Installation common issues

This document provides solutions to common issues encountered during installation and operation.

Common issues during installation

Symptoms
Kafka not verifying
Solution
Delete the Kafka resource and allow it to re-create automatically.
Symptoms
Role binding conflicts
Solution
Delete existing role bindings before you proceed with the installation.
Symptoms
Images pull errors
Solution
Verify that entitlement key secrets are correctly created and configured.

Conflicts multiple operator versions attempt to manage the same PostgreSQL

Symptoms:
When you migrate from OLM (Operator Lifecycle Manager) to non-OLM deployments, both the old OLM-based Postgres operator and the new Helm-based operator might run simultaneously. This creates conflicts and resource contention, as multiple operator versions attempt to manage the same PostgreSQL resources. The old CSV (ClusterServiceVersion) must be manually removed to prevent operational issues and can ensure that only the Helm-based operator manages PostgreSQL instances.
Solution
Follow these steps to remove CSV-based Postgres deployments when you migrate from OLM to non-OLM.
  1. Step 1 - Verify Helm-based Postgres Operator
    1. Check whether the Helm-based Postgres operator is running:
      oc get deploy postgresql-operator-controller-manager-1-25-4 \
        -n ${PROJECT_CPD_INST_OPERATORS}
      
      oc get deploy postgresql-operator-controller-manager-1-25-3 \
        -n ${PROJECT_CPD_INST_OPERATORS}
    2. If both operators are active (versions 1-25-4 and 1-25-3), you need to remove the older version (1-25-3).
  2. Step 2 - Inspect Finalizers on old OLM CSV
    oc get csv cloud-native-postgresql.v1.25.3 \
      -n ${PROJECT_CPD_INST_OPERATORS} \
      -o jsonpath='{.metadata.finalizers}'

    Expected output

    ["operators.coreos.com/csv-cleanup"]
  3. Step 3 - Remove the Finalizer
    1. Forces unlock by removing the finalizer for the old Postgres CSV:
      oc patch csv cloud-native-postgresql.v1.25.3 \
        -n ${PROJECT_CPD_INST_OPERATORS} \
        --type=json \
        -p='[{"op":"remove","path":"/metadata/finalizers"}]'
  4. Step 4 - Delete the CSV
    oc delete csv cloud-native-postgresql.v1.25.3 \
      -n ${PROJECT_CPD_INST_OPERATORS}
  5. Step 5 - Verify Removal
    Wait 30 seconds, then verify that the OLM-based operator deployment is removed:
    oc get deploy -n ${PROJECT_CPD_INST_OPERATORS} | grep postgresql
    
    Watson Assistant TensorFlow Deployment Issues

Watson Assistant TensorFlow deployment issues

Problem: WA TF Deployment Not Starting

Symptom The pod restarts before models are downloaded due to startup probe timing out.

Solution Adjust the startup probe with a temporary patch to accommodate slow download speeds.

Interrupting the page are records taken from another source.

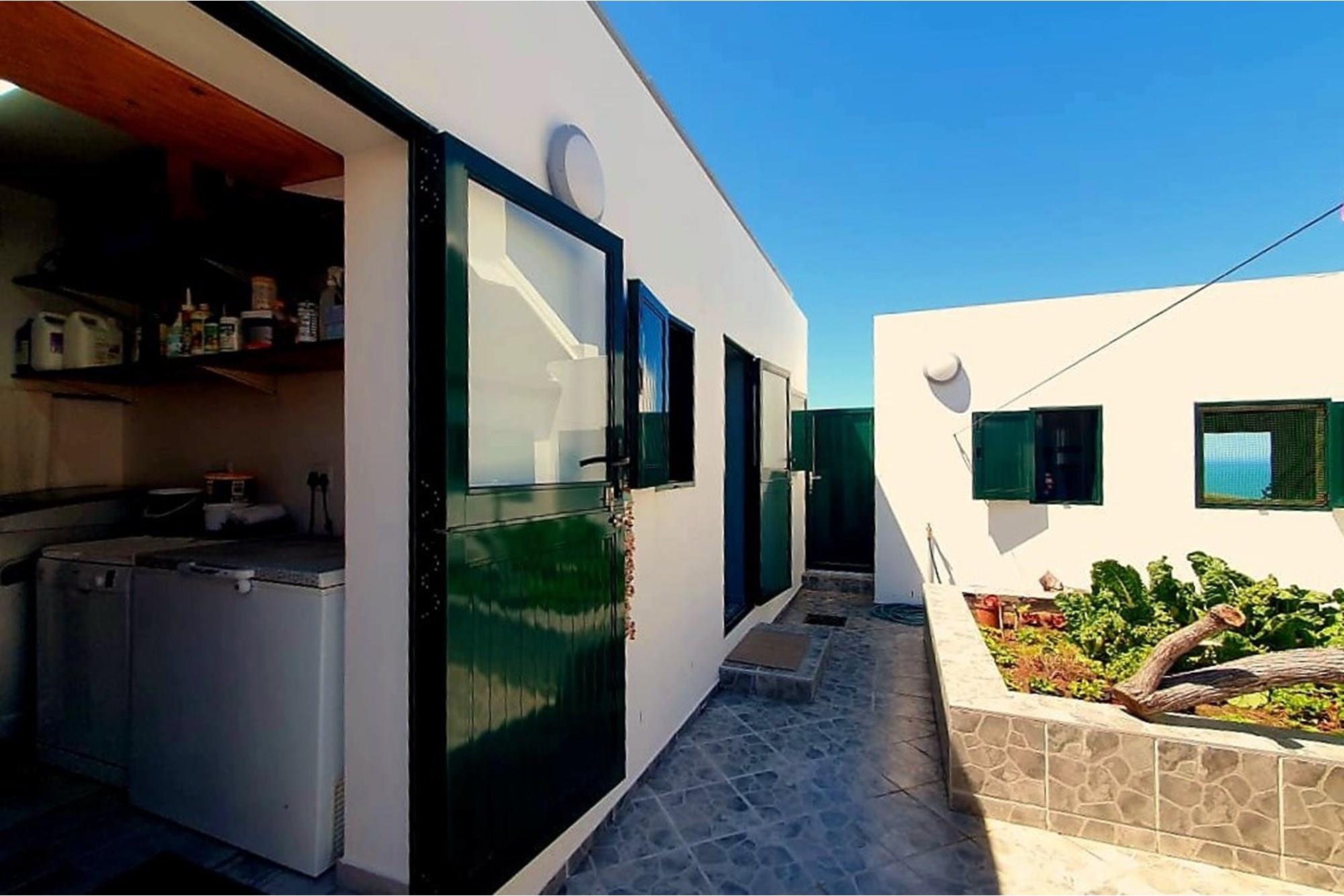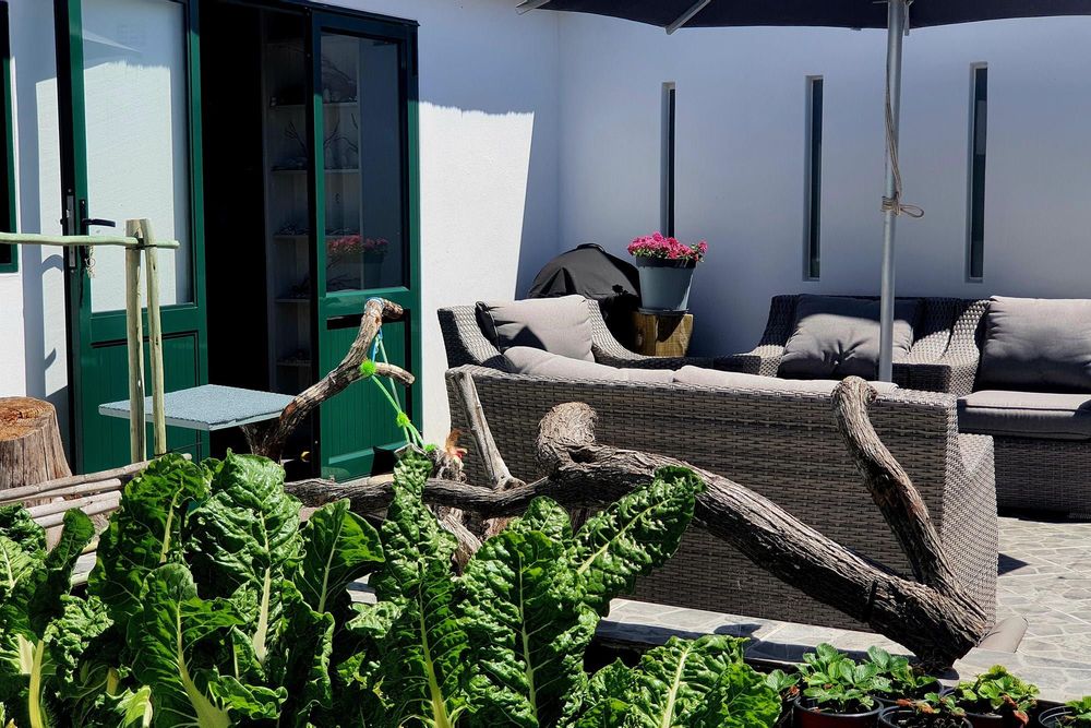 The kitchen and dining area extend effortlessly to an enclosed courtyard, creating an inviting space for entertainment and relaxation. This area includes a beautifully prepared space for growing fresh vegetables.
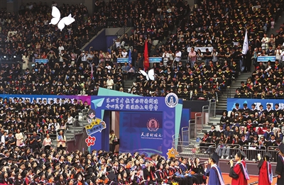 天津财经大学2025届学生毕业典礼上,伴着师生所唱的《一路生花》,8只灵动的仿生蝴蝶“飞”入毕业典礼的现场。“我们把今年央视春晚舞台上的仿生蝴蝶‘请’到本届学生毕业典礼现场,勉励学子在人工智能时代注重科技创新,也祝福同学们带着梦想和希望展翅高飞。”天津财经大学团委副书记曾欣告诉记者,考虑到仿生蝴蝶的制作者是来自我市蓟州区的青年创业团队,蝴蝶又与歌词内容适配,所以专门设置了这一表演环节,既能让毕业典礼科技感十足,也可引导学子对未来智能时代的思考。“仿生蝴蝶登上春晚舞台后,学校便和我们团队沟通亮相学生毕业典礼的事宜,双方准备了好几个月。”仿生蝴蝶的制作者、“飞行小匠”团队负责人李建向记者介绍,为了此次财大学生毕业典礼,团队特别对仿生蝴蝶进行了飞行程序的优化和翅膀颜色的涂装,从而为毕业生打造充满仪式感的离校体验。果然,当天典礼现场,仿生蝴蝶甫一亮相,立刻点燃全场热情。不少毕业生纷纷拍照,并感叹:“这份独特的校园记忆,让我们带着创新的激情,奔赴人生下一程。”
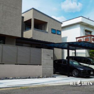 | 外構工事概要 | 名古屋市緑区T様邸新築外構 駐車場、カーポート、門塀、宅配ボックス、表札、フェンス、縦格子スクリーン、タイルポーチ、植栽 |
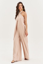 Комбинезон полуприлегающего силуэта, отрезной по линии талии. Верх комбинезона с двубортной застежкой, которая фиксируется на талии на кнопки. Линия плеча спущенная. Рукав втачной, одношёвный, заканчивающийся манжетой с застежкой на кнопки. Вырез горловины V-образный, с асимметричным воротником, пиджачного типа, по правой правой половинке. Спинка со средним швом и талиевыми вытачками. Перед со складками по талии. Нижняя часть комбинезона в виде брюк, зауженных к низу, заканчивающихся цельнокроеной манжетой, что позволяет регулировать длину. По переду карманы, складки по талии. Нижняя часть с застежкой - молнией. В комплекте бандо, из трикотажного полотна, брошь. Декоративные элементы могут отличаться от фото.
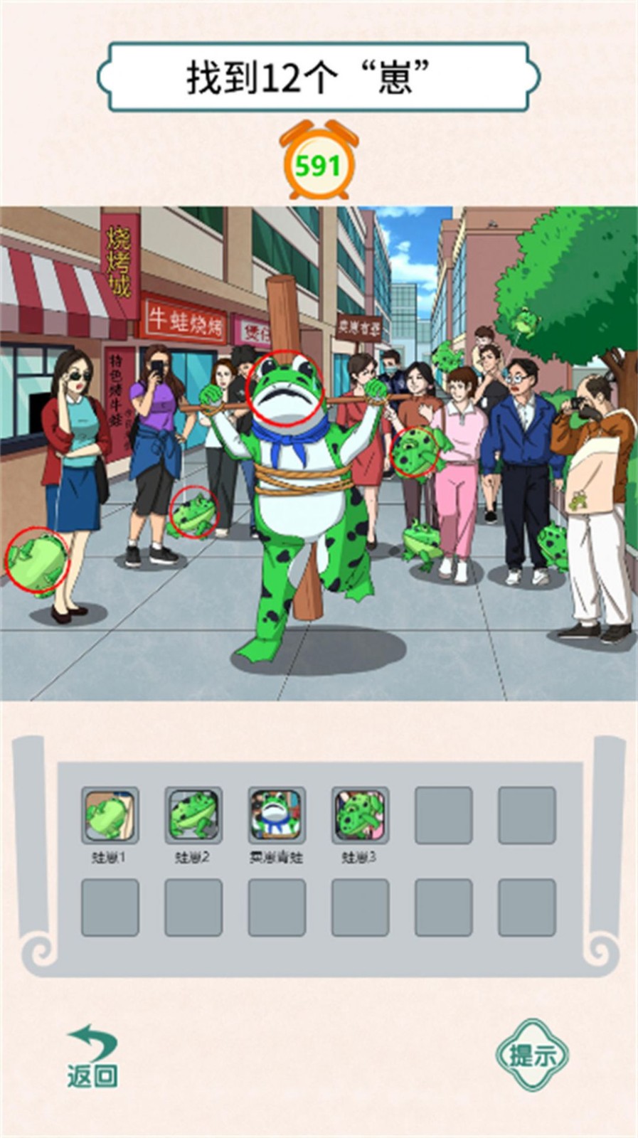 头脑风暴大作战,一款休闲益智解谜找茬游戏。在头脑风暴大作战游戏中,玩家需要在每一个关卡中,找到关卡需要你寻找的东西,而且这里还有很多的逻辑思维能力可以解开一系列的问题哦。丰富的关卡,独特的挑战模式,不容错过的解谜游戏。
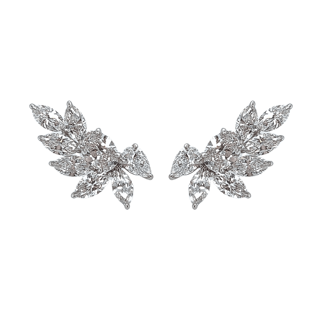 Platinum ophelia diamond earrings. Diamonds totaling 7.83 carats.
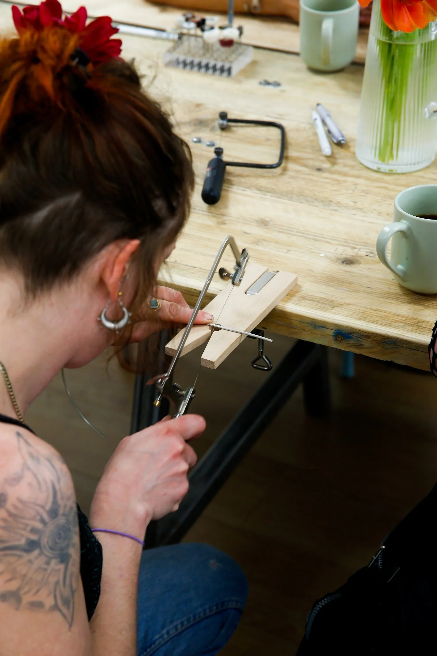 My big silver hoops! I wear one pair of earrings every day and its a pair of hoops I made, you can make a pair as well at on of our workshops!
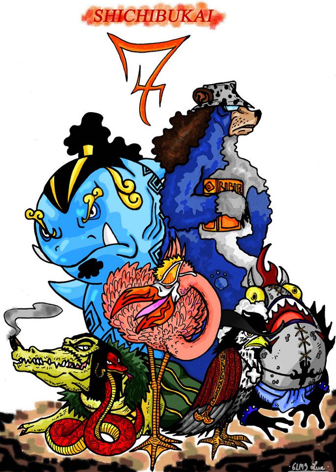 Prima di iniziare analizzando personaggio per personaggio, è bene ricordare che i sette membri originari della Flotta erano tutti associati ad un animale: chi nel nome, chi nel soprannome, tutti avevano un animale abbinato. Questa caratteristica è andata persa quando, con la defezione di qualcuno di questi membri originari, i nuovi componenti che sono andati a sostituirli non possedevano nessun collegamento evidente a qualche animale. I sette animali all’inizio erano: coccodrillo, falco, squalo balena, boa, orso, gekko e fenicottero . Ho cercato ovunque ma non ho trovato straccio di leggenda/storia/mito ecc. che accomunasse questi animali. A questo punto credo sia un’idea originale di Oda, senza alcun omaggio a qualche altra opera ma non si sa mai … Se conoscete qualche leggenda che possa spiegare questo naturalmente vi chiedo di postarla.
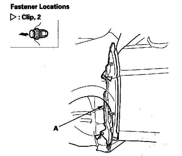 2. From the wheel arch, release the clips fastening the front fender fairing (A).
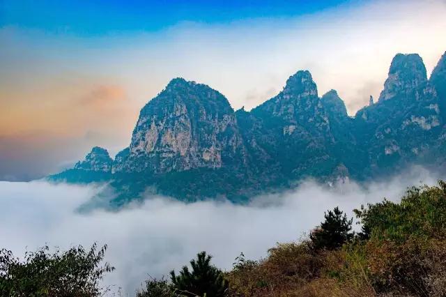 深秋時節(jié),秋冬交替之際,正是轎頂山最艷麗的時候,也是官制長廊兩旁槐葉最具有色彩的時刻。 每當云開霧散去,懸崖的魅力展現(xiàn)在眼前,轎頂山秋色一絕原來美麗到了極致。
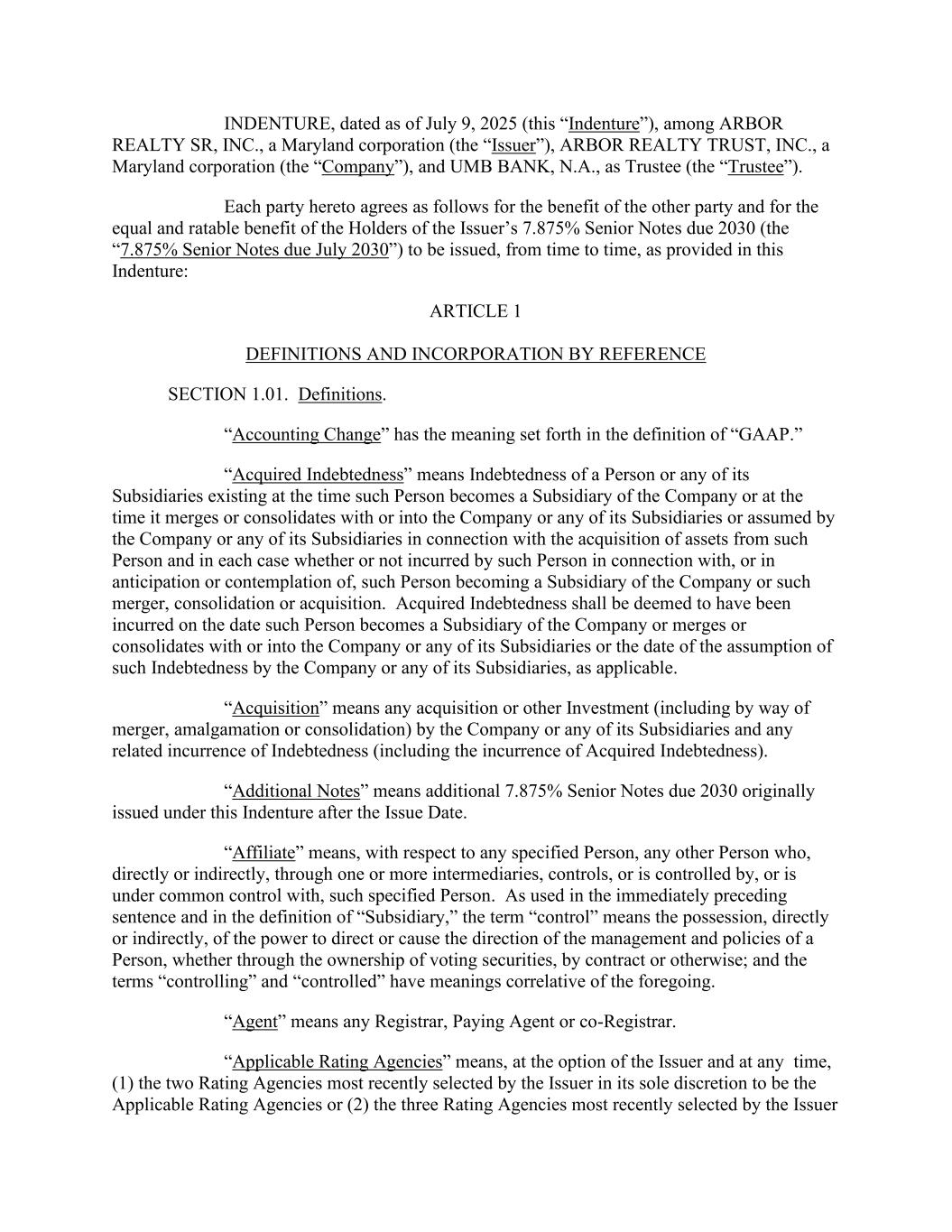 日期为2025年7月9日的契约(本“契约”),由马里兰州公司ARBOR REALTY SR,INC.(“发行人”)、马里兰州公司ARBOR REALTY TRUST,INC.(“公司”)和作为受托人(“受托人”)的UMB银行N.A.签署。为另一方的利益,以及为发行人2030年到期的7.875%优先票据(“2030年7月到期的7.875%优先票据”)持有人的平等和可予评定的利益,本协议各方同意如下,按本契约的规定不时发行:第1条定义和参照第1.01条纳入。定义。“会计变更”具有“GAAP”定义中阐述的含义。“获得的债务”是指在某人或其任何附属公司成为公司的附属公司时存在的债务,或在该人与公司或其任何附属公司合并或合并时存在的债务,或由公司或其任何附属公司承担的与向该人收购资产有关的债务,在每种情况下,无论该人是否因该人成为公司的附属公司或该合并、合并或收购而招致或预期或预期招致。获得的债务应被视为在该人成为公司的附属公司或与公司或其任何附属公司合并或合并或并入公司或其任何附属公司之日或公司或其任何附属公司(如适用)承担该等债务之日发生。“收购”指公司或其任何子公司的任何收购或其他投资(包括以合并、合并或合并的方式)以及任何相关的债务产生(包括已获得的债务产生)。“额外票据”指在发行日之后最初根据本契约发行的额外于2030年到期的7.875%优先票据。“关联”就任何特定人员而言,是指通过一个或多个中间人直接或间接控制或受该特定人员控制或与其共同控制的任何其他人员。正如前一句和“附属”定义中所使用的那样,“控制”一词是指直接或间接地拥有权力,以指导或导致某个人的管理和政策的方向,无论是通过对有表决权的证券的所有权、通过合同或其他方式;而“控制”和“受控”这两个词具有与上述相关的含义。“代理人”是指任何注册人、付款代理人或共同注册人。“适用评级机构”是指,根据发行人的选择并在任何时候,(1)发行人最近自行决定选定的两家评级机构为适用评级机构或(2)发行人最近选定的三家评级机构
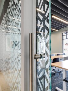 Named after gemstones, the conference rooms feature custom wall graphics like macro photographs of stones, shimmering geometric wallpaper, and abstract jewel paintings by a local artist.
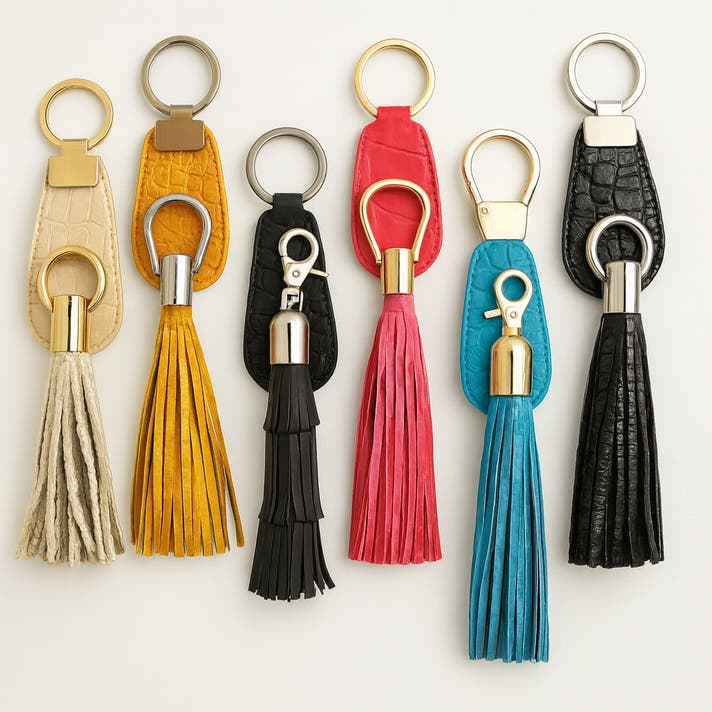 感謝の気持ちを込めて、バッグを1点ご購入いただいた方には、同じクロコダイルレザーで製作したタッセルチャームと靴べらキーホルダー をお付けいたします。
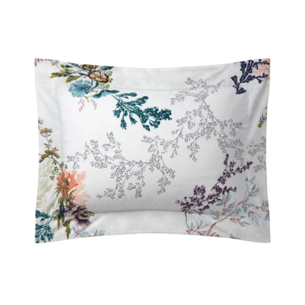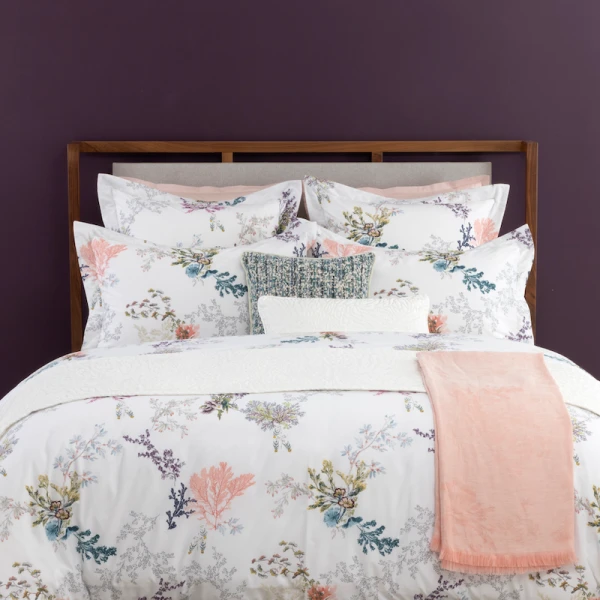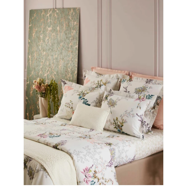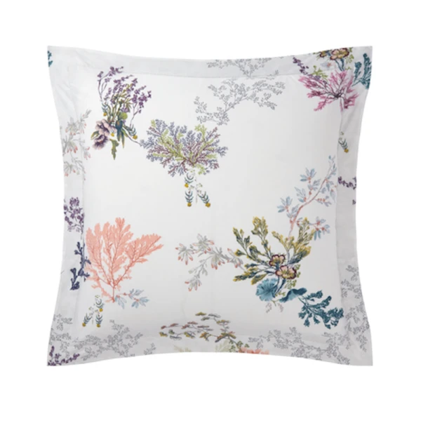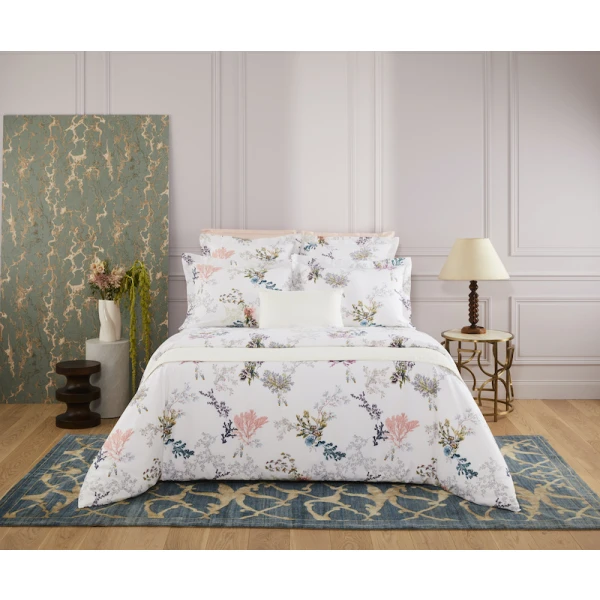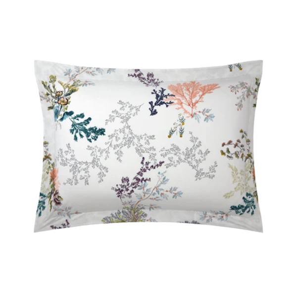 Yves Delorme's Naiades Bed Collection is designed after fairytale world where naiads bring aquatic plants to life. Pen sketches and light watercolors on white cotton batiste. 100% long staple combed organic cotton batiste, 200 thread count. 14 colors for main design, 1 color for coordinated design. Made in France.

Apply the following patch:
cat <<EOF | oc apply -f -
apiVersion: assistant.watson.ibm.com/v1
kind: TemporaryPatch
metadata:
  name: wa-tf-probe-fix
spec:
  apiVersion: assistant.watson.ibm.com/v1
  kind: WatsonAssistantClu
  name: wo-wa
  patchType: patchStrategicMerge
  patch:
    tf:
      deployment:
        spec:
          template:
            spec:
              containers:
              - name: tensorflow-serving-adapter
                startupProbe:
                  periodSeconds: 30
EOF

This increases the period between startup probe checks from the default to 30 seconds.

Alternative

Increase the failureThreshold instead of adjusting periodSeconds.